The second aim of the study was to determine whether this transfer of active to young lambs in the ewe's milk has the potential to confer an advantage to resistant genotype nematodes i.e. to select for anthelmintic resistance. Lambs, from ewes treated with moxidectin, which were trickle-dosed with infective larvae of susceptible genotype T. circumcincta had lower worm burdens (by 70%) at slaughter than lambs from the other treatment groups which were dosed with the same isolate. In contrast, all lambs trickle-dosed with the resistant isolate of T. circumcincta had similar worm burdens at slaughter. Therefore, pre-lambing treatment of ewes with moxidectin injection resulted in reduced establishment of susceptible, but not resistant, T. circumcincta in the lambs as a result of transfer of active in the ewe's milk. Such a disparity did not occur when ewes were treated with a CRC containing abamectin, presumably because the levels of abamectin reaching the suckling lamb were insufficient to have an effect on establishment of the susceptible genotype L3. This probably reflects the delivery profile of the CRC and less lipophilic nature of abamectin compared with moxidectin, described above, which combine to give lower concentrations of abamectin than moxidectin in the ewe's milk. Therefore, we accept the hypothesis that the presence of moxidectin, transferred in the milk from ewes treated pre-lambing, can result in selection for anthelmintic resistant genotype nematodes in the young lambs. However, we find no evidence to support the equivalent hypothesis with respect to treatment with a CRC containing abamectin.

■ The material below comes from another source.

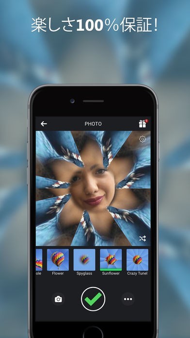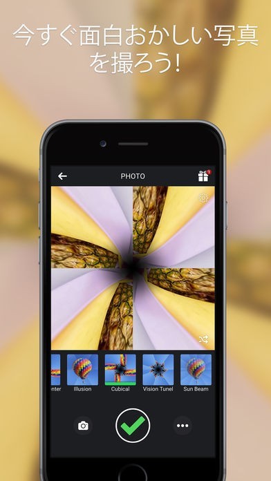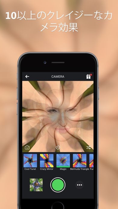 App Storeより引用Feel that SELFIES are getting boring? Why don't you try a NEW WAY of taking them? Make awesome KALEIDOSCOPIC PHOTOS with Kaleidoscope Camera for Instagram™!

It has long been recognized that treatment of pregnant ewes in the period immediately before or after lambing has the potential to accelerate the development of anthelmintic resistance (Dash et al., 1985, Michel, 1985). The mechanism for this was perceived to be that an anthelmintic treatment at this time would pre-select for resistance an important source of worm infection in the lambs. In a later modelling study, Leathwick et al. (1995) added that a treatment at this time also effectively eliminated a potentially important source of unselected genotypes i.e. worms in ‘refugia’ (Van Wyk, 2001). The use of long-acting anthelmintics added an additional potential mechanism for selection of resistance, that of ‘tail’ selection (le Jambre et al., 1999, Leathwick and Besier, 2014). A large scale replicated field study in New Zealand confirmed the potential of a pre-lambing treatment of ewes with a CRC containing albendazole to accelerate the development of resistance to benzimidazole anthelmintics (Leathwick et al., 2006). Albendazole CRC, such as the ones used in that study, have no withholding periods for meat or milk (Chartier et al., 1996; http://www.merial.co.nz/Sheep/Products/Pages/extender_seco.aspx), reflecting the fact that albendazole does not transfer into milk of treated lactating animals to the extent that ML actives do (De Liguoro et al., 1996, Dever and Kahn, 2015), and so the mechanism of resistance selection in that study must have involved only effects against worms in the ewe. Therefore, the process of selection demonstrated here (i.e. selection for resistant worms in the lamb via transfer of drug in the ewe's milk) represents a new, and until recently unconsidered (Dever and Kahn, 2015), pathway by which use of moxidectin injection in lactating ewes could select for resistance. The results of this study, therefore, represent yet another reason why administration of long-acting anthelmintic products to pre-lambing ewes must be considered high-risk for selecting anthelmintic resistance and their use approached with caution.